Valère Joseph Jules Gille (born Anderlecht, 3 May 1867, died Haasdonk, 1 June 1950) was a Belgian poet.

Life
In 1885 Gille enrolled at the Catholic University of Leuven, and in 1887 he began writing for La Jeune Belgique. In 1889 he, together with Iwan Gilkin and Albert Giraud, took over the running of the periodical.
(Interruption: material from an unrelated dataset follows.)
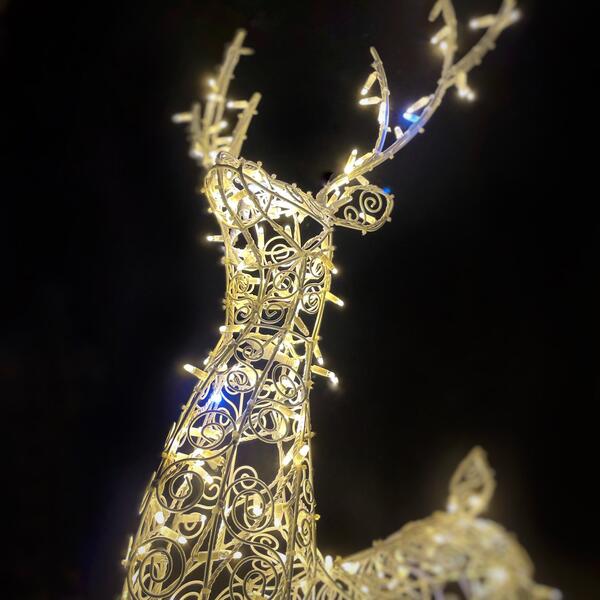 Материал Каркаса - сталь с двойным полимерным антикоррозийным покрытием. Цвет каркаса - белый. Каркас декорирован изящными ажурными завитками из металла. Внутри вплетены профессиональные яркие светодиодные гирлянды с высокой степенью защиты от влаги и пыли, прослужат долго. Каждый пятый диод мерцает, создавая приятное сияние. Блок подключения к сети в комплекте. Для удобства транспортировки и хранения рога оленя съемные. На каждой ноге оленя имеются крепежные элементы с отверстиями.

He resigned in 1891 to take up a position at the Royal Library of Belgium. A volume of his poems, La Cithare (Paris, 1897) was lauded by the Académie française.

On 8 January 1921 he was appointed to the Académie royale de langue et de littérature françaises de Belgique, becoming its director 1925–1946. In 1945 he became curator of the Wiertz Museum.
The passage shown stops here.